Instance Segmentation

The EoMT model performs instance segmentation using padded inference. The input image is resized so that the longer side matches the target input size, and the shorter side is zero-padded to form a square. The resulting mask and class logits are combined through post-processing (adapted from Mask2Former) to produce a unified instance segmentation map, along with segment metadata like segment id, class labels and confidence scores.

Note:
To use a custom target size, specify the size as a dictionary in the following format:
{"shortest_edge": 512, "longest_edge": 512}
For both instance and panoptic segmentation, input images will be scaled and padded to this target size.

import matplotlib.pyplot as plt
import requests
import torch
from PIL import Image

from transformers import EomtForUniversalSegmentation, AutoImageProcessor


model_id = "tue-mps/coco_instance_eomt_large_640"
processor = AutoImageProcessor.from_pretrained(model_id)
model = EomtForUniversalSegmentation.from_pretrained(model_id)

image = Image.open(requests.get("http://images.cocodataset.org/val2017/000000039769.jpg", stream=True).raw)

inputs = processor(
    images=image,
    return_tensors="pt",
)

with torch.inference_mode():
    outputs = model(**inputs)

# Prepare the original image size in the format (height, width)
original_image_sizes = [(image.height, image.width)]

# Post-process the model outputs to get final segmentation prediction
preds = processor.post_process_instance_segmentation(
    outputs,
    original_image_sizes=original_image_sizes,
)

# Visualize the segmentation mask
plt.imshow(preds[0]["segmentation"])
plt.axis("off")
plt.title("Instance Segmentation")
plt.show()

Panoptic Segmentation

The EoMT model performs panoptic segmentation using the same padded inference strategy as in instance segmentation.

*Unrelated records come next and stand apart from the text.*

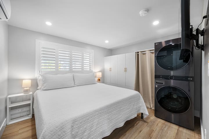 ~ Hoofdslaapkamer: Rust uit in de rustige hoofdslaapkamer met een zacht kingsize bed, zacht beddengoed en voldoende opbergruimte voor je bezittingen. Word opgefrist wakker en ga 's ochtends naar buiten voor een kopje koffie op je eigen patio aan de achterkant.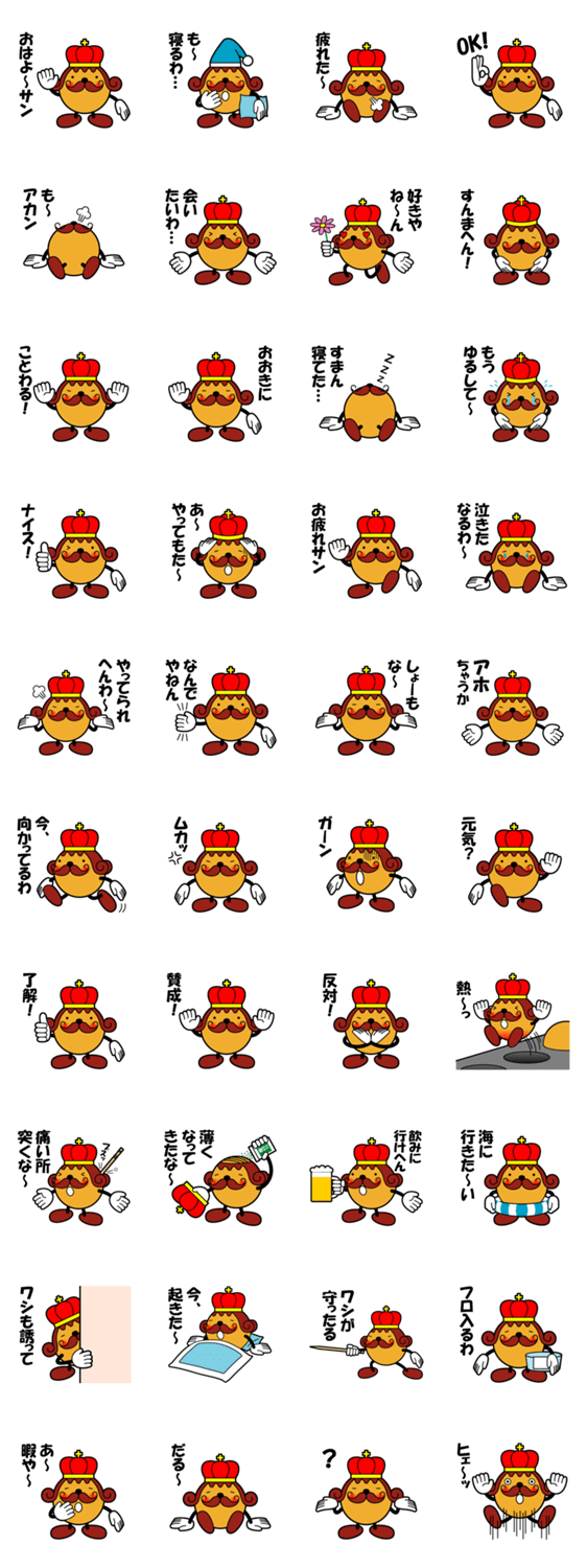 なにわのタコヤキング soramame コメントをどうぞ 関西のソウルフードの王様、たこ焼きをキャラクターにしました。 このスタンプどう思う?!↓クリックで投票♪好き (0)かわいい (0)かっこいい (0)おもしろい (0)使いやすそう (0)欲しい (0)萌え (0)ほっこりする (0)おしゃれ (0)ゆるい (0)こわい (0)ウザい (0)キモい (0)ムカつく (0)持ってる (0)癒される (0)セクシー (0)個性的 (0)私は買わない (0)誰かプレゼントして! (0) 購入・プレゼントする Facebookでシェア Twitterでシェア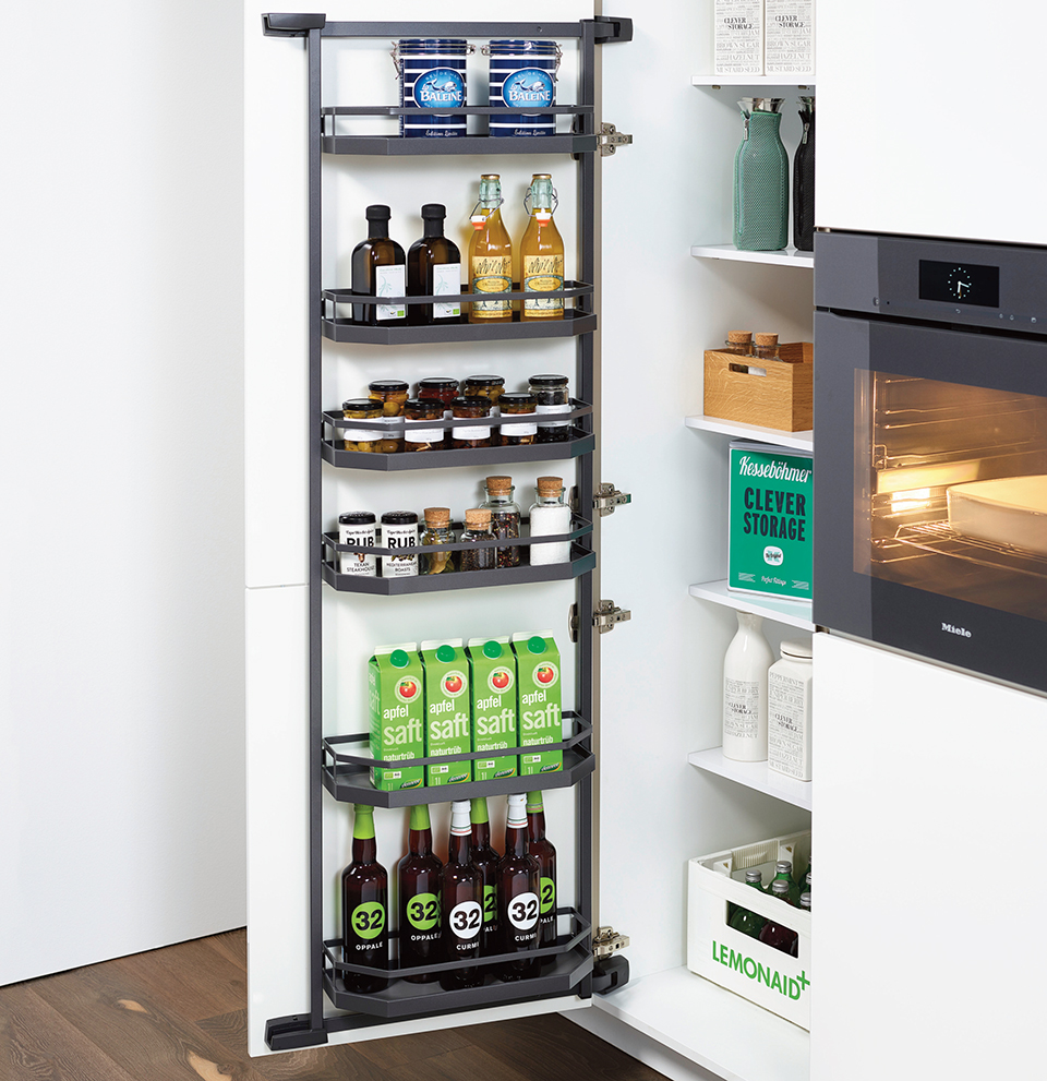 Produit intelligent : Il est évident que les produits Kesseböhmer sont globalement des produits intelligents. Réfléchis avec une valeur ajoutée. Nous classons spécialement la solution anthracite parmi les solutions vraiment intelligentes. Discrete dans le mobilier et pourtant élégante. Elle peut etre facilement assortie a d’autres quincailleries tendance foncées (tiroirs coulissants, charnieres...) et constitue une combinaison de couleurs attractive avec la plupart des matériaux de surface.

After padding and normalization, the model predicts both thing (instances) and stuff (amorphous regions) classes. The resulting mask and class logits are combined through post-processing (adapted from Mask2Former) to produce a unified panoptic segmentation map, along with segment metadata like segment id, class labels and confidence scores.

import matplotlib.pyplot as plt
import requests
import torch
from PIL import Image

from transformers import EomtForUniversalSegmentation, AutoImageProcessor


model_id = "tue-mps/coco_panoptic_eomt_large_640"
processor = AutoImageProcessor.from_pretrained(model_id)
model = EomtForUniversalSegmentation.from_pretrained(model_id)

image = Image.open(requests.get("http://images.cocodataset.org/val2017/000000039769.jpg", stream=True).raw)

inputs = processor(
    images=image,
    return_tensors="pt",
)

with torch.inference_mode():
    outputs = model(**inputs)

# Prepare the original image size in the format (height, width)
original_image_sizes = [(image.height, image.width)]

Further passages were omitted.